La plupart des autres recherches pertinentes pour la question soulevée ici n’ont en réalité pas comparé trois situations, mais deux : les fins de peine sèches et les aménagements de peine discrétionnaires. Tel était le cas de la recherche française de Kensey et Benaouda (2011), dont la méthodologie ne permettait certes pas de conclure de manière définitive, mais qui suggérait elle aussi que les aménagements de peine discrétionnaires à la française étaient plus efficaces que les fins de peine sèches. Quelques années plus tôt, c’était une recherche néo-zélandaise (Schlager et Robbins, 2008) qui avait conclu similairement que les aménagements de peine individualisés (discrétionnaires) étaient plus efficaces sur le nombre de ré arrestation, de re-condamnation et de réincarcération que l’absence totale d’aménagement de peine. En raison de sa méthodologie imparfaite toutefois, reconnue par les auteurs, elle ne permettait pas de conclure si ceci était dû à un biais de sélection, à la dissuasion ou au suivi.
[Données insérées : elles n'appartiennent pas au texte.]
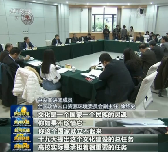 央視網(wǎng)消息(新聞聯(lián)播):連日來,學習貫徹黨的十九大精神中央宣講團走進高校,通過透徹深入的宣講、貼近實際的解讀,讓黨的十九大精神落地生根。
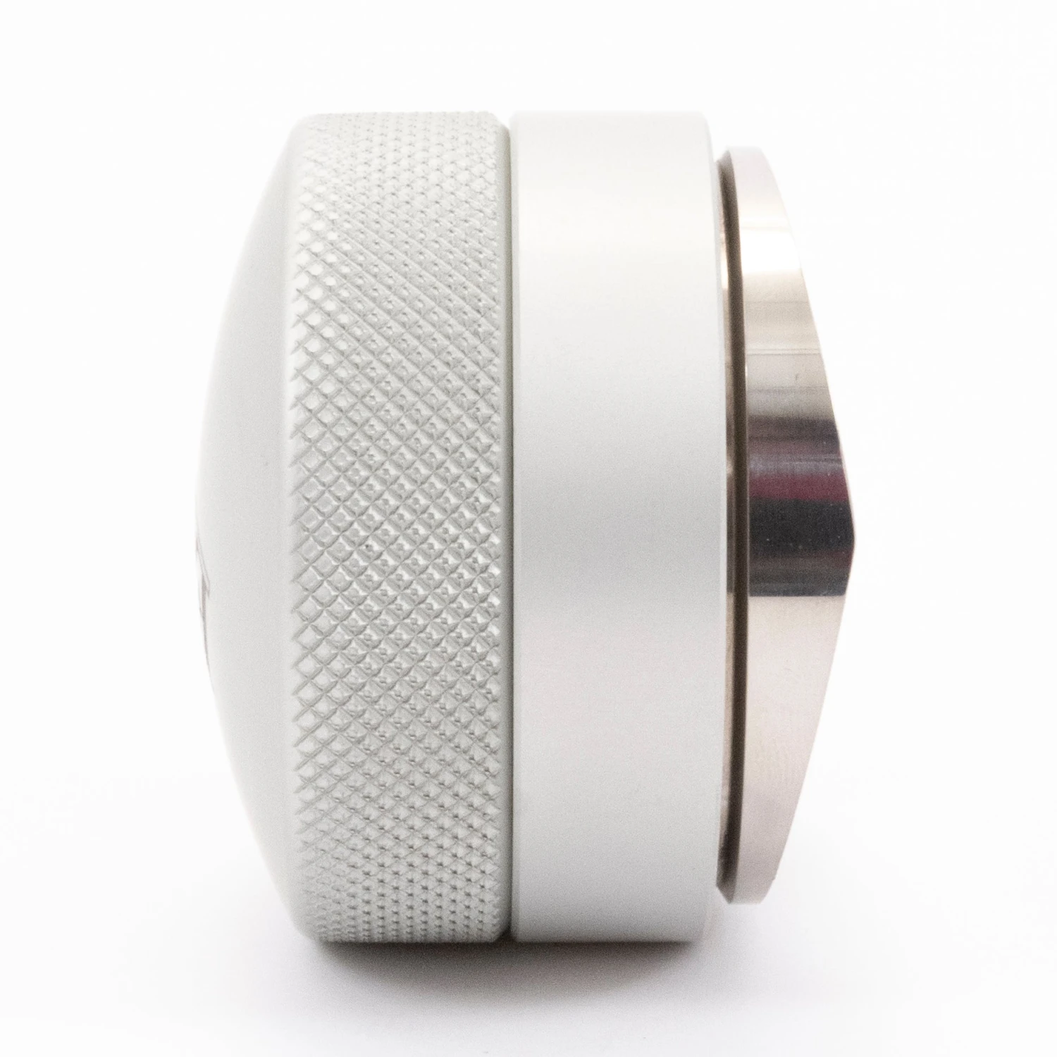By gripping the adjustment ring and turning the handle counterclockwise, you can release the wedge to raise or lower the height of the blades depending on your dose and the size basket that you’re using. The textured handle is made of aluminum while the adjustment ring and blades themselves are made out of steel.
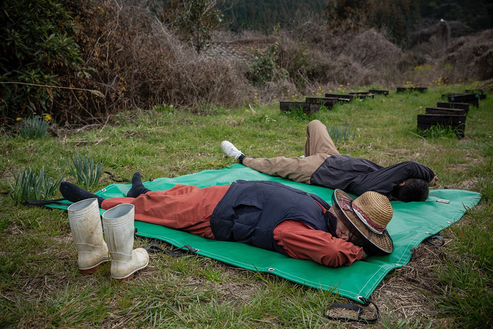 昼食を済ませて到着した板屋蜂場では、仕事を始める前に30分の昼寝をする
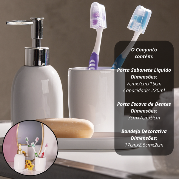 Conjunto 3 Peças Para Banheiro de Cerâmica Lyor - Londres
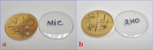 Four strains of bacterial tube cultures were used. The strains were identified by the Gram-stain method, which is used as the first step in identifying a bacterium. The pigmented bacteria strains were Micrococcus luteus (yellow) as MIC, Rhodococcus rhodochrous (pink) as RHO, Sarcina aurantiaca (orange-yellow) as SAR, and Serratia marcescens D1 (red) as SER for experimental labeling. Four Petri dishes were labeled into 4 sections 1, 2, 3, and 4. Using the inoculation wire ring, the bacteria were inoculated into the Petri dishes that were already coated with nutrient agar. And the stock solutions of 4 different kinds of toothpaste were soaked on the circular paper disk. Subsequently, Place the disk with the applied toothpaste on four sections labeled, 1—VDTP, 2—Colgate, 3—Crest, and 4—Push toothpaste, as seen in Figure 1. The bacterial culture was cultured in an Heratum Incubator (Thermo Scientific, Waltham, MA) for 48 hours.
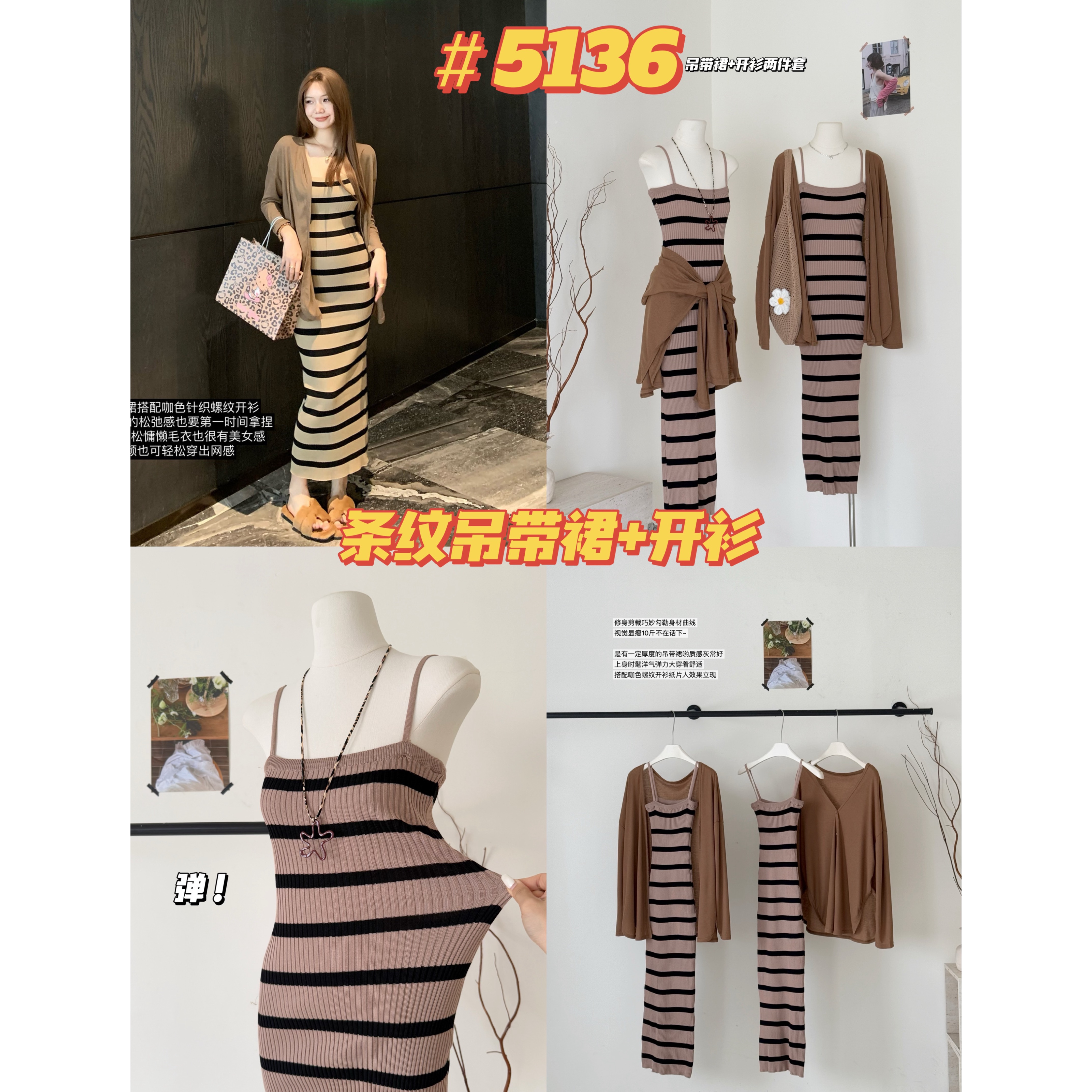 우 웃음 스트라이프 초기 언어 느슨함 센스 편안함 슬림해 보이는 좋은 착용 가져 가라. 조끼 롱 스커트 오픈 가디건 투피스 세트
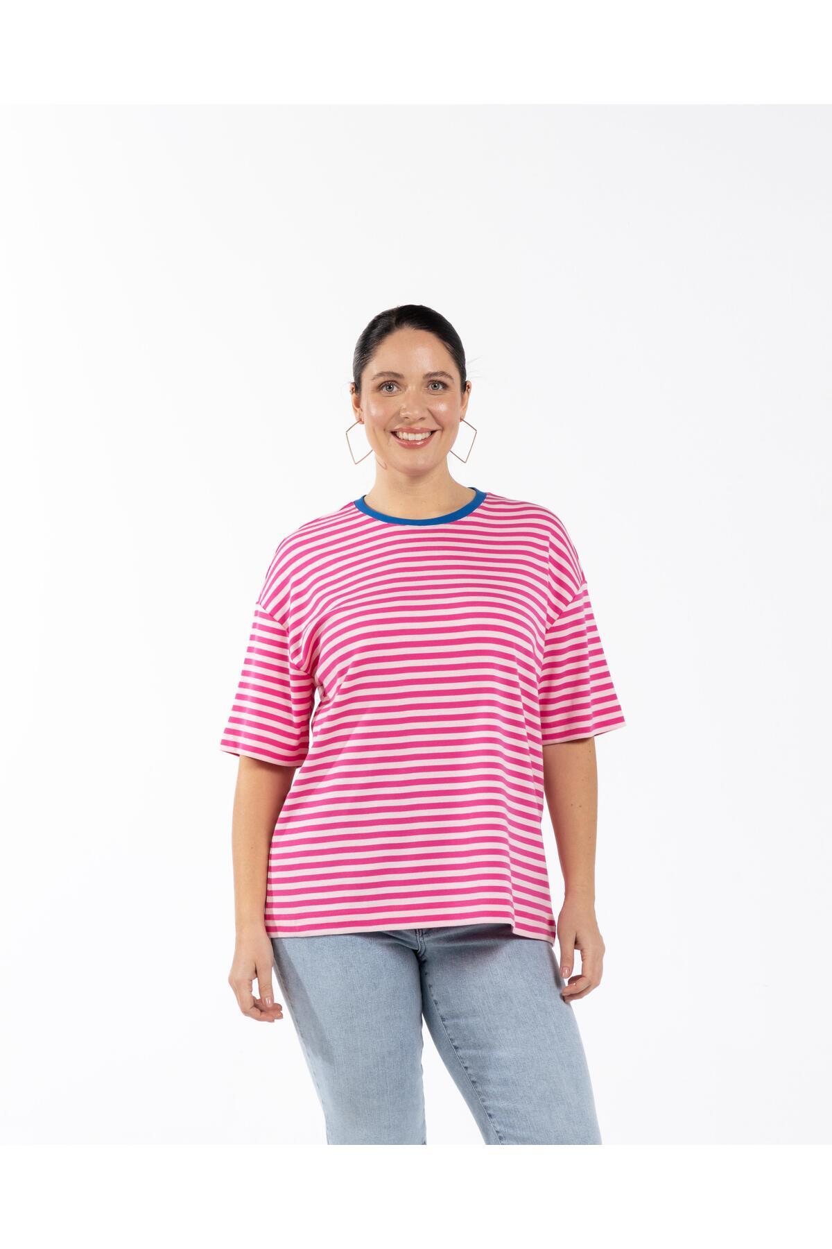 MILA Bisiklet Yaka %100 Pamuk Oversize Büyük Beden Çizgili T-shirt Pembe MILA Bisiklet Yaka %100 Pamuk Oversize Büyük Beden Çizgili T-shirt Pembe RH-LUO8682831033802 50
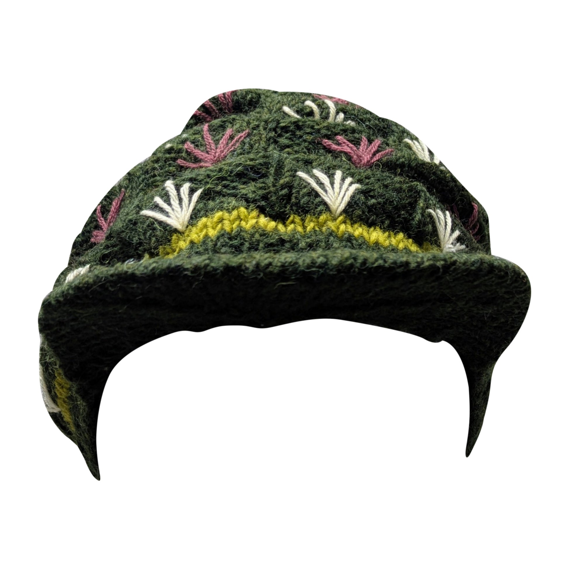 Recycled Hand Knit Tiered Wool Crochet Winter Fleece Lined Baker Hat P14
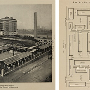 洛克菲勒研究所的战争示范医院鸟瞰图与战争示范医院设计图(1917年)

La comparaison entre mesures discrétionnaires et fins de peine sèches a également été menée par l’économiste Kuziemko (2007, 2012) précitée, laquelle avait montré, dans des conditions cette fois méthodologiquement plus solides, que les LC individualisées et prononcées dans un contexte quasi- judiciaire équitable étaient plus efficaces que l’absence totale d’aménagement de peine.

En conclusion, c’est sur la base d’un ensemble encore insuffisant, mais convergent que nous pouvons conclure que les mesures individualisées sont plus efficaces que les mesures automatiques et obligatoires et les fins de peine sèche. Nous suivons en outre entièrement les propos d’Osterman, et considérons que des mesures sans préparation, contenu et intensité suffisants ne sont en réalité pas des aménagements de peine. A notre sens, elles méritent plus le qualificatif de quasi-grâces ou, plus juste sur le plan juridique de fins de peine sèches anticipées.